We Have It All In Christ
/This week we continued the book of Philippians, looking at Chapter 2. Paul, under house arrest in Rome, and awaiting an audience before Nero, is writing to a church he helped launch about 10 years prior. Paul begins with four “ifs”:
1 So if there is any encouragement in Christ, any comfort from love, any participation in the Spirit, any affection and sympathy,
Paul is suggesting that since there are these blessings in Christ to us, (encouragement, comfort from love, participation in the Spirit, affection and sympathy) then we should live in love towards others (verse 2). We have it all in Christ, so we have all we need and don’t have to live selfishly towards others. The church, which is to be a true community, is to be marked by selflessness, humility, integrity, and care for others.
What would it be like to live in a community where that’s how you were treated? Like Christ treated you? We can receive this by being that way towards others. Paul tells us to be of the same mind, one mind, count others more significant than ourselves, look not only to our own interests but to the interests of others. Paul wants our thinking to change, and that’s where humility comes from - from within.
Looking to Christ, Matthew 20:28 Jesus tells us that “The Son of Man came not to be served but to serve, and to give his life as a ransom for many.” And in John 13:3-5, we read that he served his disciples by washing their feet. Jesus truly was a servant.
Stepping into verse 7, we see that He “emptied himself, by taking the form of a servant, being born in the likeness of men.” He humbled himself, not by putting anything off. Not by subtraction, but by adding something. Taking to himself a human nature is how he humbled himself.
Meditate on that: Your God is so glorious, that the way he could humble himself, was by adding something lesser to himself.
The infinite constrained to the finite. The immortal enfleshed in mortality. The one whose essence defines glory, put to utter shame. The fountain of life subjected to death. Bound to the grave.
Which immediately pushes us towards Paul’s goal: humble hearts that live outwardly like Christ.
Isaiah 53:3 says that Jesus was brought so low, the shame was unbearable to other people. There is no deeper, lower shame than the cross of Christ. He was stripped of his clothes, beaten nearly to death, mocked with a crown of thorns, nailed to a wooden cross, lifted high for all to see, and tortured to death. That’s what “even death on a cross” means, not to mention the curse of God that was upon him.
And he did this all for you, in your place. Doesn’t that foster awe in your soul? Jesus did this for you. So you don’t need to grasp for yourself.
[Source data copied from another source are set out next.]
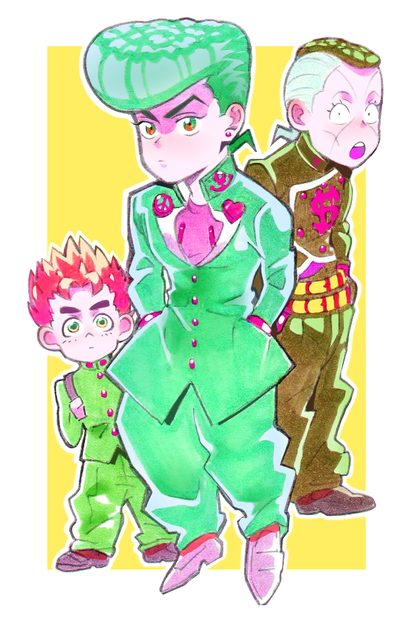 Josuke is a good boy! I love him too. He's a super fun and entertaining character and his expressions are so good XD His goofiness mixed with seriousness really set the mood for DIU and it was excellent. He has a great vibe to him and I love how he interacts with all his friends and family so much.
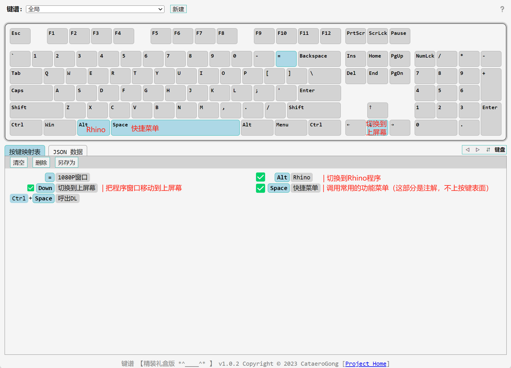 - 键图中的“快捷键列表”支持交互,调整显示位置
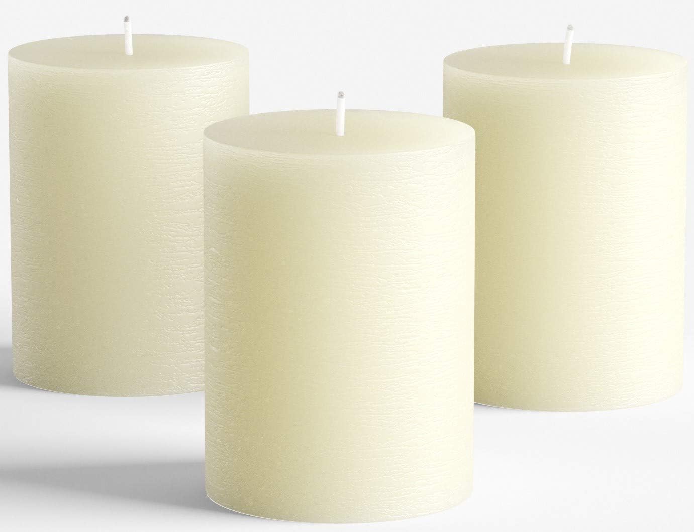 Amazon Com Set Of 3 Ivory Pillar Candles 3 X 4 Rustic Unscented

And there’s something more. This pattern of humility and glorification isn’t just for Jesus, it’s the pattern he has established for us. Of course, we can’t serve in precisely the same way - we can’t make atonement for the sins of the world. And of course, we won’t be glorified to the heights of Christ. We do not have the name that is above every name. But, you have Christ, and, with him, everything. There is nothing to grasp after. You don’t need to use others for your advantage because there’s no more advantage to gain, you have it all. Only, act like Christ towards others. And his likeness, his character will be made manifest in our midst, and we can taste that glory even now.